--- Prompt ---
Apart from the pictures, write out the records that follow exactly.

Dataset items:
########################################

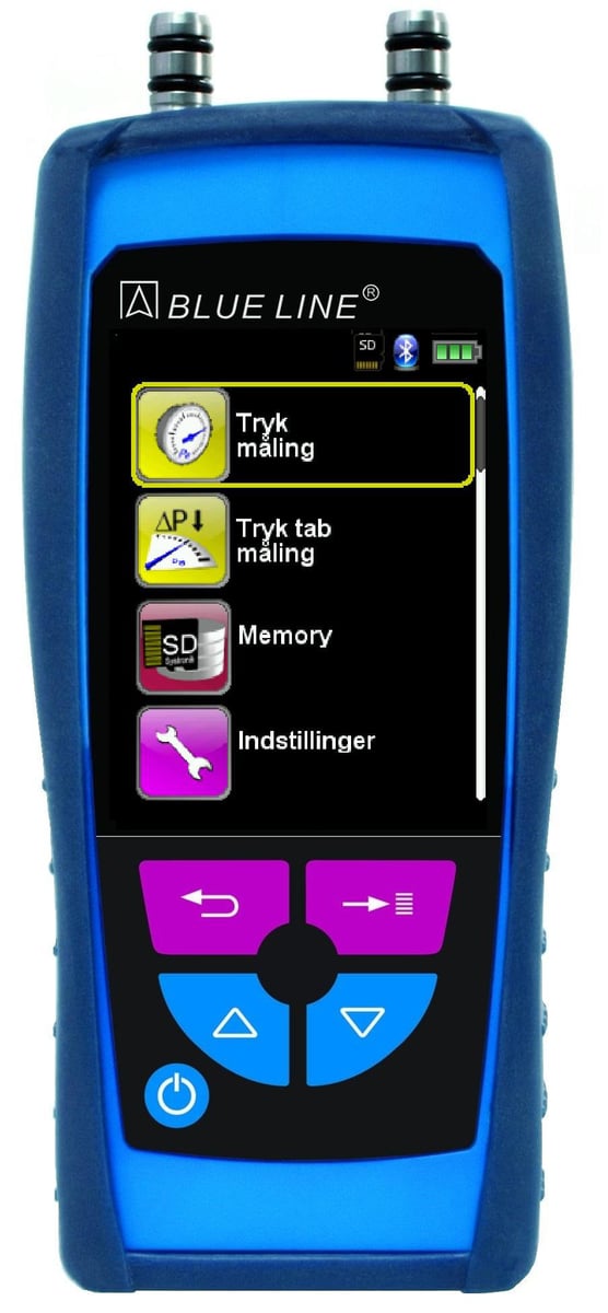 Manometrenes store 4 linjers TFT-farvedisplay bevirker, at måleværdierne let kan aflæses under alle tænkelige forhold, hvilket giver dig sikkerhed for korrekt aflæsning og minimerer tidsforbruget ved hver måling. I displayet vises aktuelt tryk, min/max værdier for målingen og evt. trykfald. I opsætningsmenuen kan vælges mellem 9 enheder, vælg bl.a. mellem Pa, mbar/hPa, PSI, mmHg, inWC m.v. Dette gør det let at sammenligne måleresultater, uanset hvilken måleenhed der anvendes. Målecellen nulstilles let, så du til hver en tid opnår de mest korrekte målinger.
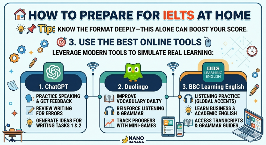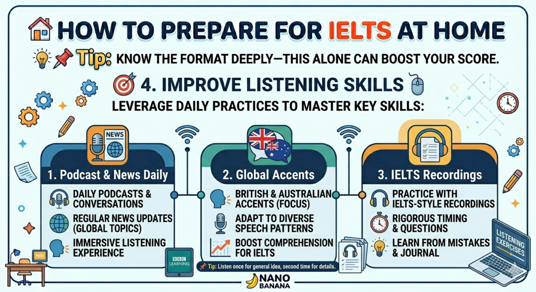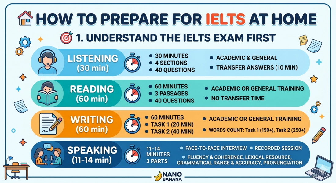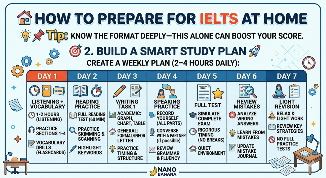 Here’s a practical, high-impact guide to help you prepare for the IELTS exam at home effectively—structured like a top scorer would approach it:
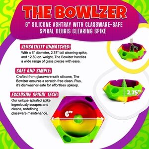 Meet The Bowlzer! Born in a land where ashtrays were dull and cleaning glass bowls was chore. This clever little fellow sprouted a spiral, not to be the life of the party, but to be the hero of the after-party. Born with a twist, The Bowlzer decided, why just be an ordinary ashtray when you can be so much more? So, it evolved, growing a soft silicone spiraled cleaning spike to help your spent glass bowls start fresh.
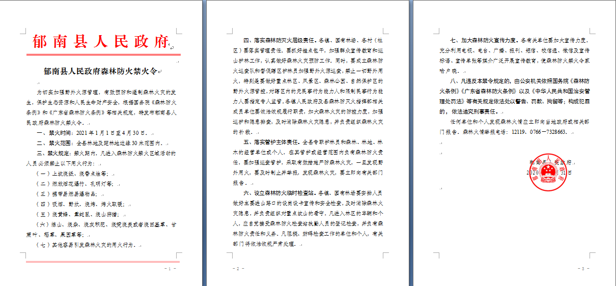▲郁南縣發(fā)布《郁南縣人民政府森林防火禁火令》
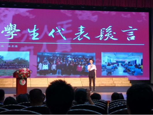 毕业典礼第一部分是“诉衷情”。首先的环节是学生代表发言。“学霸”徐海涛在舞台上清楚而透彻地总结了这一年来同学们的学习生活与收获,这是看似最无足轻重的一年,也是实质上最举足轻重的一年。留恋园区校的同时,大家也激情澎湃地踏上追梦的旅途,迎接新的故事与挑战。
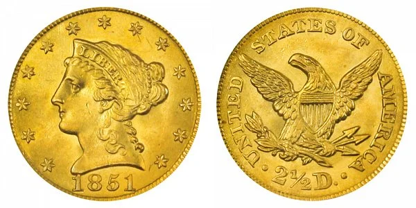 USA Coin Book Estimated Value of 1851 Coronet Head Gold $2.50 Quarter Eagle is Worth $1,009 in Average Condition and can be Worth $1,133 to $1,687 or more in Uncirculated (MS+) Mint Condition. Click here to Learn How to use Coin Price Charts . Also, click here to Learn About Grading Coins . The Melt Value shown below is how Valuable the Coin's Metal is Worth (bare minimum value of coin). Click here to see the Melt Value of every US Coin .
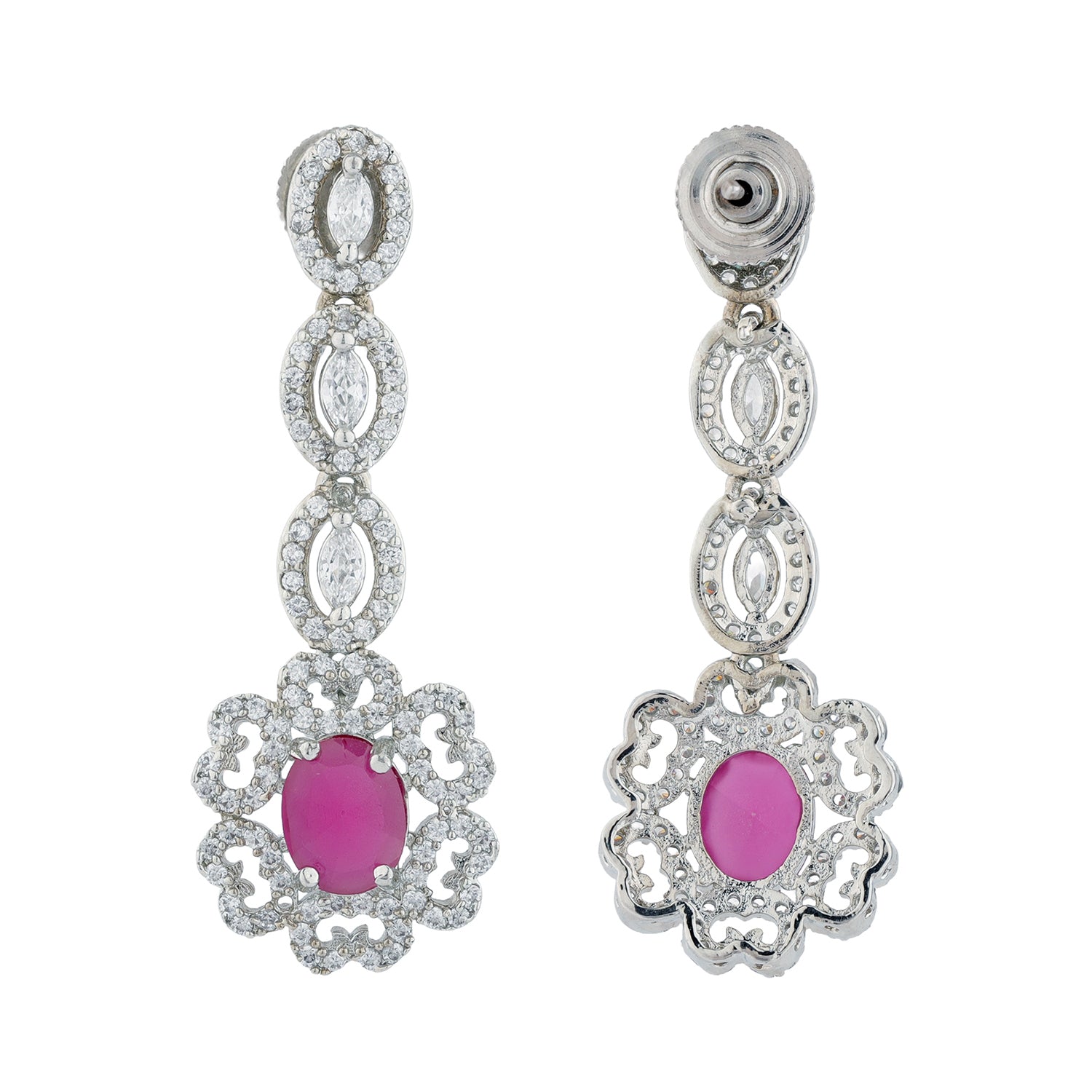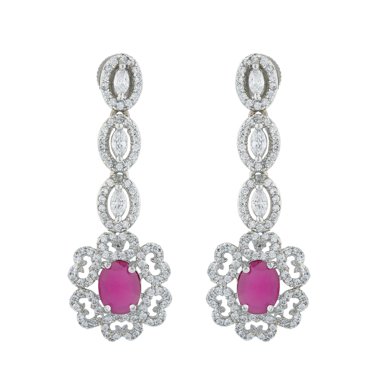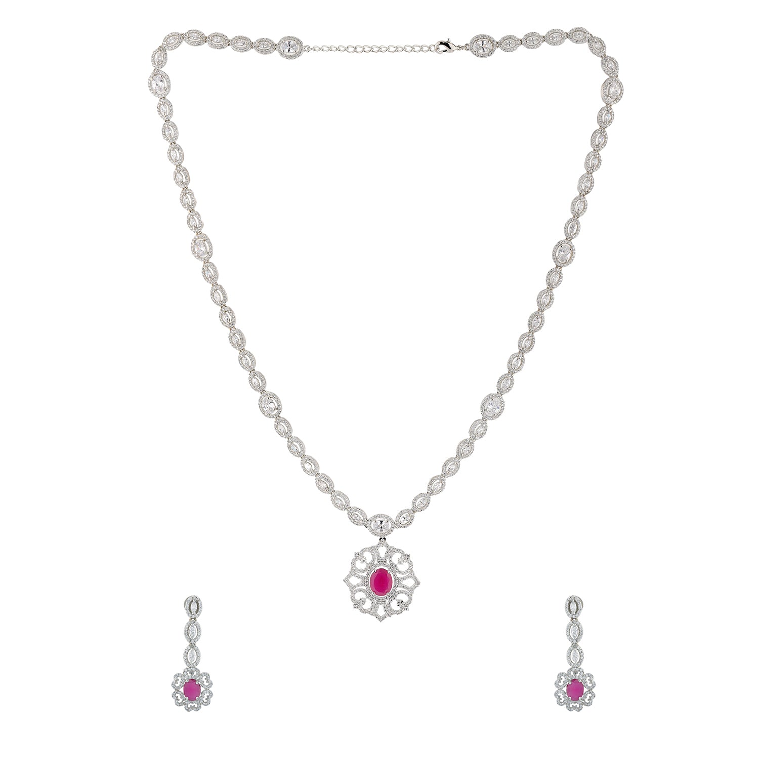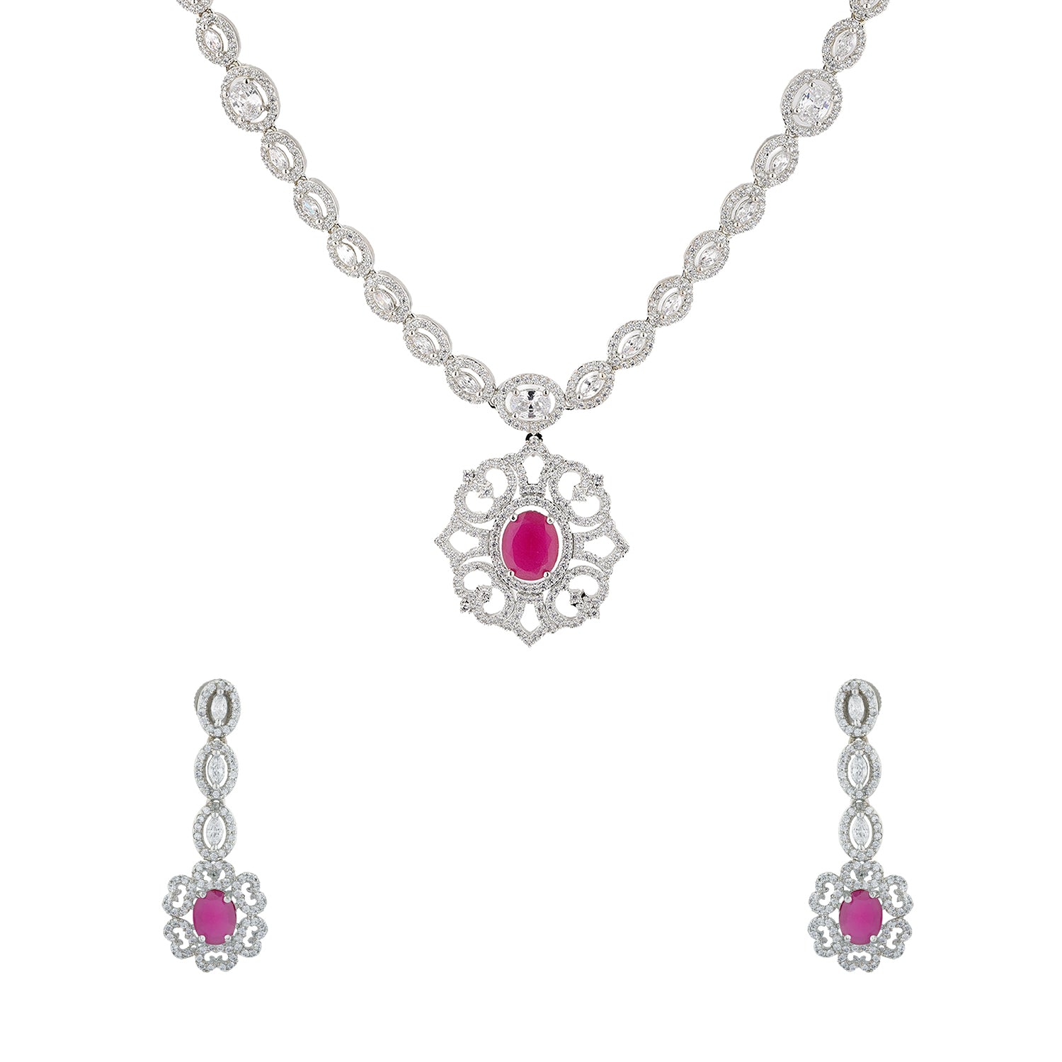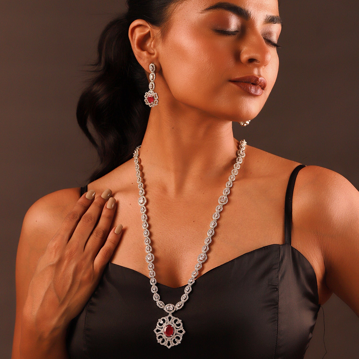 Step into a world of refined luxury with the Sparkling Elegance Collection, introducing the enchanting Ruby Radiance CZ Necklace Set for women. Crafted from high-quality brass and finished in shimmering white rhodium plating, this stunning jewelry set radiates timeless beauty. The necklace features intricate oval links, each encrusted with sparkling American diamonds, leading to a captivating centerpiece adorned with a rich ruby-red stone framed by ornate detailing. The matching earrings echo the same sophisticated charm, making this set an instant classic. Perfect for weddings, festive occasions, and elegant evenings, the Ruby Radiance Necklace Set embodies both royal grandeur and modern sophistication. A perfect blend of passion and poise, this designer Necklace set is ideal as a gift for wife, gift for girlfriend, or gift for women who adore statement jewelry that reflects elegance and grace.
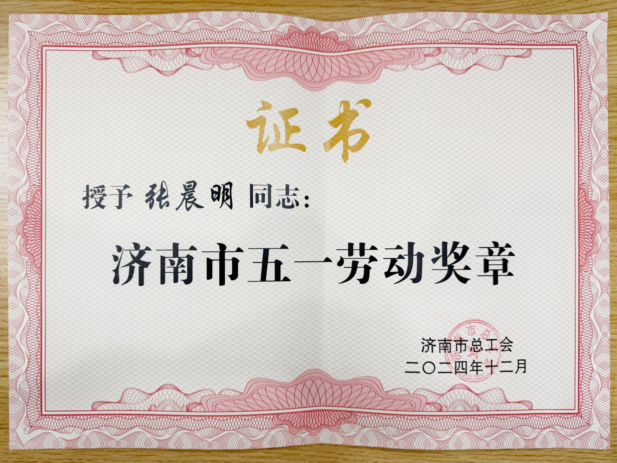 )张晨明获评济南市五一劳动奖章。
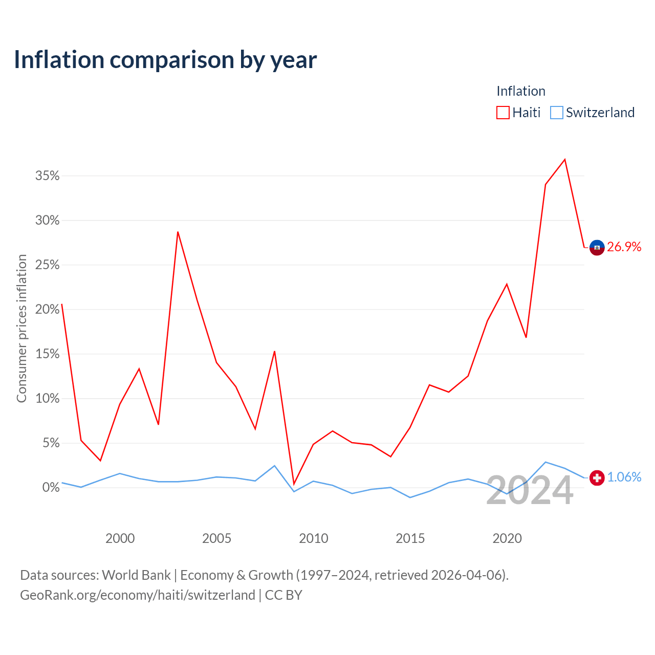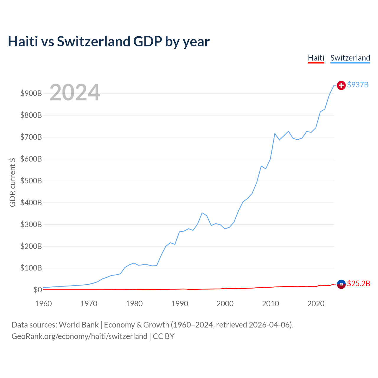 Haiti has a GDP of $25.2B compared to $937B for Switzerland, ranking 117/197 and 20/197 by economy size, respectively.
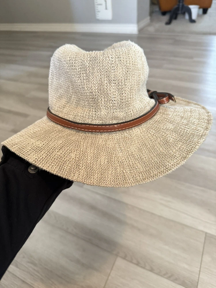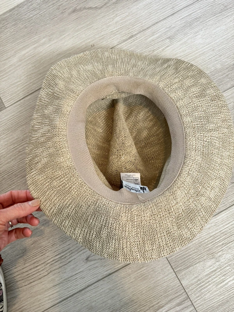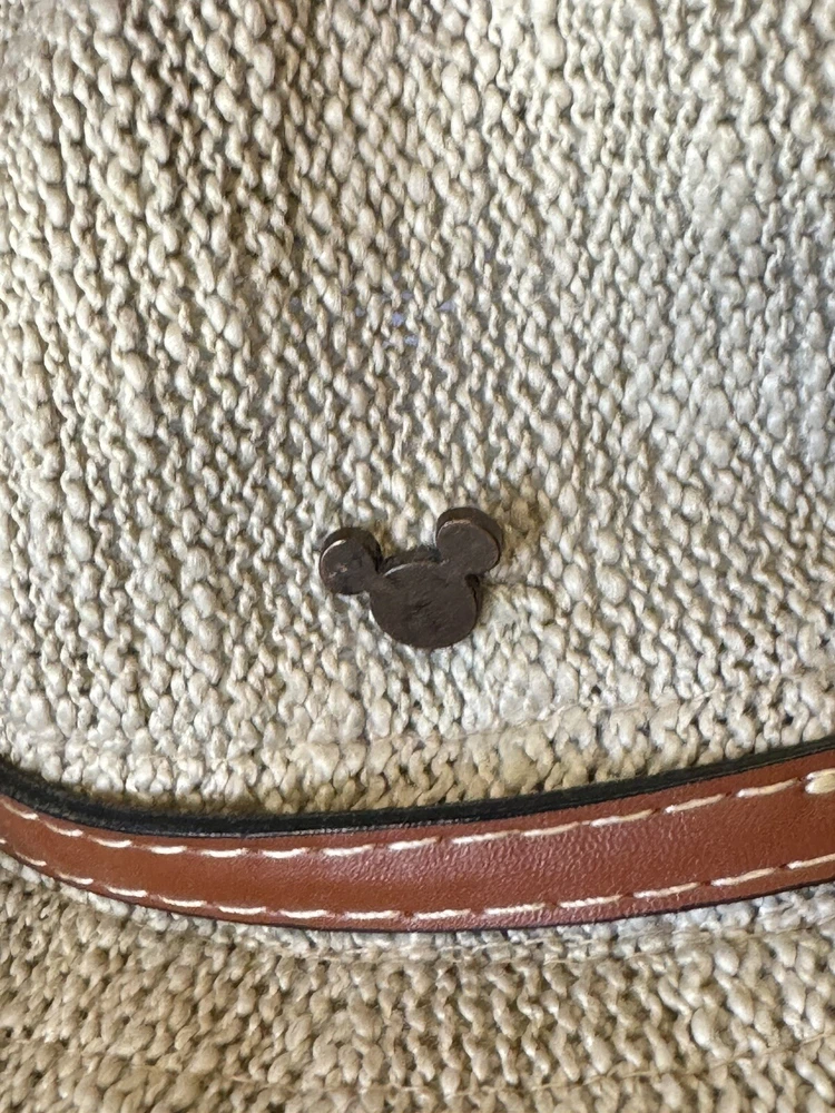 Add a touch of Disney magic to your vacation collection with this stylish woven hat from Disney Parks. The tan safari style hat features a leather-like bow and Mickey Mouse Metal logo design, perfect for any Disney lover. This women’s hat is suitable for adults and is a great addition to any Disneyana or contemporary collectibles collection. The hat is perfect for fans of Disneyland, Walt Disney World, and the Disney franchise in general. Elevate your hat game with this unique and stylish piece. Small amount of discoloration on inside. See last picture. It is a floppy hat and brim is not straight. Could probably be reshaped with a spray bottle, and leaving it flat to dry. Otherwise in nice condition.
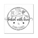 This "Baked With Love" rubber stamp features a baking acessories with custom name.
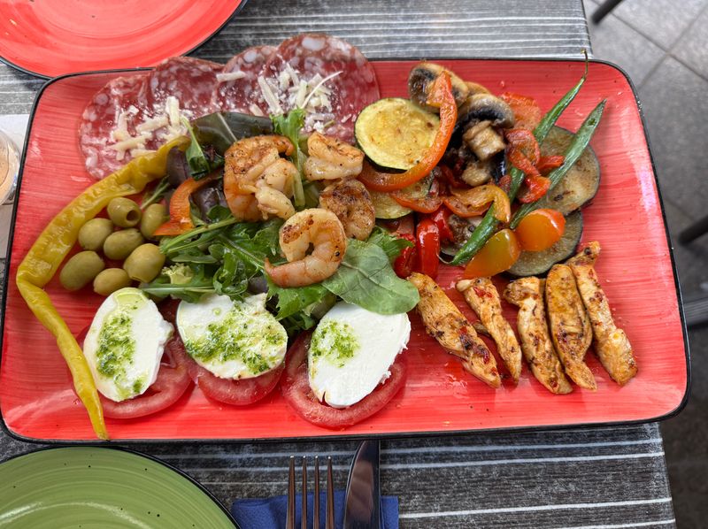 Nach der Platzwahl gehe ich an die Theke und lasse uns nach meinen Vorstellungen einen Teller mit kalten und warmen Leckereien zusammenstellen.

########################################

--- Exercise result ---
 Manometrenes store 4 linjers TFT-farvedisplay bevirker, at måleværdierne let kan aflæses under alle tænkelige forhold, hvilket giver dig sikkerhed for korrekt aflæsning og minimerer tidsforbruget ved hver måling. I displayet vises aktuelt tryk, min/max værdier for målingen og evt. trykfald. I opsætningsmenuen kan vælges mellem 9 enheder, vælg bl.a. mellem Pa, mbar/hPa, PSI, mmHg, inWC m.v. Dette gør det let at sammenligne måleresultater, uanset hvilken måleenhed der anvendes. Målecellen nulstilles let, så du til hver en tid opnår de mest korrekte målinger.
 Here’s a practical, high-impact guide to help you prepare for the IELTS exam at home effectively—structured like a top scorer would approach it:
 Meet The Bowlzer! Born in a land where ashtrays were dull and cleaning glass bowls was chore. This clever little fellow sprouted a spiral, not to be the life of the party, but to be the hero of the after-party. Born with a twist, The Bowlzer decided, why just be an ordinary ashtray when you can be so much more? So, it evolved, growing a soft silicone spiraled cleaning spike to help your spent glass bowls start fresh.
▲郁南縣發(fā)布《郁南縣人民政府森林防火禁火令》
 毕业典礼第一部分是“诉衷情”。首先的环节是学生代表发言。“学霸”徐海涛在舞台上清楚而透彻地总结了这一年来同学们的学习生活与收获,这是看似最无足轻重的一年,也是实质上最举足轻重的一年。留恋园区校的同时,大家也激情澎湃地踏上追梦的旅途,迎接新的故事与挑战。
 USA Coin Book Estimated Value of 1851 Coronet Head Gold $2.50 Quarter Eagle is Worth $1,009 in Average Condition and can be Worth $1,133 to $1,687 or more in Uncirculated (MS+) Mint Condition. Click here to Learn How to use Coin Price Charts . Also, click here to Learn About Grading Coins . The Melt Value shown below is how Valuable the Coin's Metal is Worth (bare minimum value of coin). Click here to see the Melt Value of every US Coin .
 Step into a world of refined luxury with the Sparkling Elegance Collection, introducing the enchanting Ruby Radiance CZ Necklace Set for women. Crafted from high-quality brass and finished in shimmering white rhodium plating, this stunning jewelry set radiates timeless beauty. The necklace features intricate oval links, each encrusted with sparkling American diamonds, leading to a captivating centerpiece adorned with a rich ruby-red stone framed by ornate detailing. The matching earrings echo the same sophisticated charm, making this set an instant classic. Perfect for weddings, festive occasions, and elegant evenings, the Ruby Radiance Necklace Set embodies both royal grandeur and modern sophistication. A perfect blend of passion and poise, this designer Necklace set is ideal as a gift for wife, gift for girlfriend, or gift for women who adore statement jewelry that reflects elegance and grace.
 )张晨明获评济南市五一劳动奖章。
 Haiti has a GDP of $25.2B compared to $937B for Switzerland, ranking 117/197 and 20/197 by economy size, respectively.
 Add a touch of Disney magic to your vacation collection with this stylish woven hat from Disney Parks. The tan safari style hat features a leather-like bow and Mickey Mouse Metal logo design, perfect for any Disney lover. This women’s hat is suitable for adults and is a great addition to any Disneyana or contemporary collectibles collection. The hat is perfect for fans of Disneyland, Walt Disney World, and the Disney franchise in general. Elevate your hat game with this unique and stylish piece. Small amount of discoloration on inside. See last picture. It is a floppy hat and brim is not straight. Could probably be reshaped with a spray bottle, and leaving it flat to dry. Otherwise in nice condition.
 This "Baked With Love" rubber stamp features a baking acessories with custom name.
 Nach der Platzwahl gehe ich an die Theke und lasse uns nach meinen Vorstellungen einen Teller mit kalten und warmen Leckereien zusammenstellen.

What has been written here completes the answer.